Il y a des œuvres auxquelles on ne saura pas retirer une certaine cohérence, et c'est une qualité que je suis prêt à concéder volontiers à cet Inconnu de la Grande Arche.
Parce qu'en effet, difficile de ne pas voir dans les efforts de mise en forme du réalisateur Stéphane Demoustier le même souci du détail que celui qui anime cet architecte que le film a dressé comme sujet. Format carré, bien évidemment ; photographie passée des années 80 ; plans mettant en évidence la géométrie des lieux, et tant d'autres choses... Pour toutes ces raisons, l'effort formel ne peut être que louable...

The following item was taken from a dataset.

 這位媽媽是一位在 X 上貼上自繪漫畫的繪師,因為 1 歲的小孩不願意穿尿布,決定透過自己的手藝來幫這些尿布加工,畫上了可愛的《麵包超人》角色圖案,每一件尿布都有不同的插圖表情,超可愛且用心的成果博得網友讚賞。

Et pourtant, loin d'être une évidente force, cette caractéristique est aussi une paradoxale limite du film. Car un peu à la façon de ce Johan Otto von Spreckelsen dont le film ne cesse de vanter le jusqu'au-boutisme artistique – notamment dans ces petits détails qui n'en seraient pas – Demoustier semble avoir négligé au bout du compte le rendu d'ensemble. Puisque de la même manière qu'on semble oublier qu'au-dela des détails, l'Arche de la Défense reste un gros cube de béton assez grossier et primaire, il en va de même avec ce film qui, au-delà de ses mêmes détails, peine à s'extraire des rigidités françaises dont il passe pourtant son temps à se plaindre.
C'est parfois verbeux, plat, simplement démonstratif, et au bout du compte, beaucoup de moments de ce film finissent par relever de l'anecdotique.

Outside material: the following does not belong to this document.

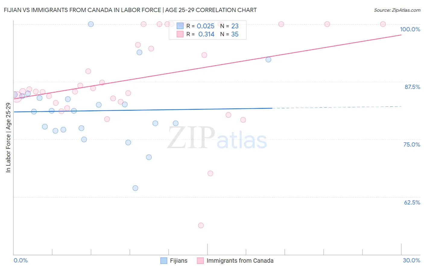 Fijian vs Immigrants from Canada In Labor Force | Age 25-29 Correlation Chart

Alors c'est vrai, on peut sortir de ce film non sans satisfaction.
lI y a l'audace et la force d'un sujet, quelques reconstitutions numériques plutôt signifiantes et réussies mais également l'intérêt d'un questionnement et d'un regard, notamment sur la question de l'artiste et des compromissions auxquelles il se doit de faire face lorsque son art doit s'exprimer au travers d'une partition collective. Par rapport à tous ces aspects-là, il serait clairement abusé de dire que Stephane Demoustier passe à côté de son sujet.

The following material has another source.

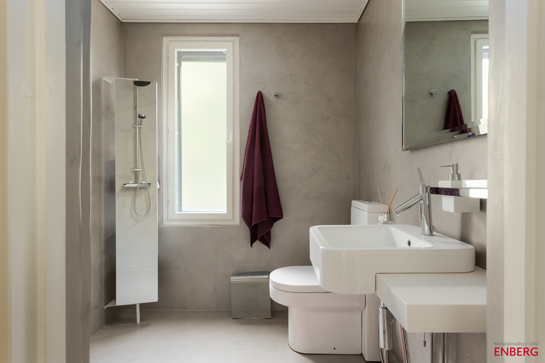 Kylpyhuoneen kuvaus | Yläkerran kylpyhuone remontoitu vuonna 2012 asentamalla mikrosementtipinnoite laattojen päälle. Pesuhuoneen seiniin ja lattiaan sekä saunan lattiaan asennettu mikrosementtipinnoite, pesuhuoneen vesisekoittimet sekä valaistus uusittu 2013. Muurattu, lämmitetty amme. Vesikiertoinen lattialämmitys. Saunan puuosat maalattu ja saunan kiuas-seinä rapattu sekä kiuas uusittu 2012. |

La structure du récit respire bien, les scènes parviennent régulièrement à mettre en opposition des enjeux sans sombrer dans l'opposition binaire, quant à l'interprétation, elle sait donner du corps à tout cet ensemble, ce qui fait de ce film un ouvrage franchement honnête.
Néanmoins, le souci que j'ai avec ce film – et que je peux ignorer au moment de m'exprimer à son sujet – c'est à quel point il n'a jamais su se rendre sympathique à mes yeux. Pire que ça : plus que de l'absence de sympathie, c'est bien de l'antipathie qui, chez moi, s'est retrouvée au cœur de cette affaire.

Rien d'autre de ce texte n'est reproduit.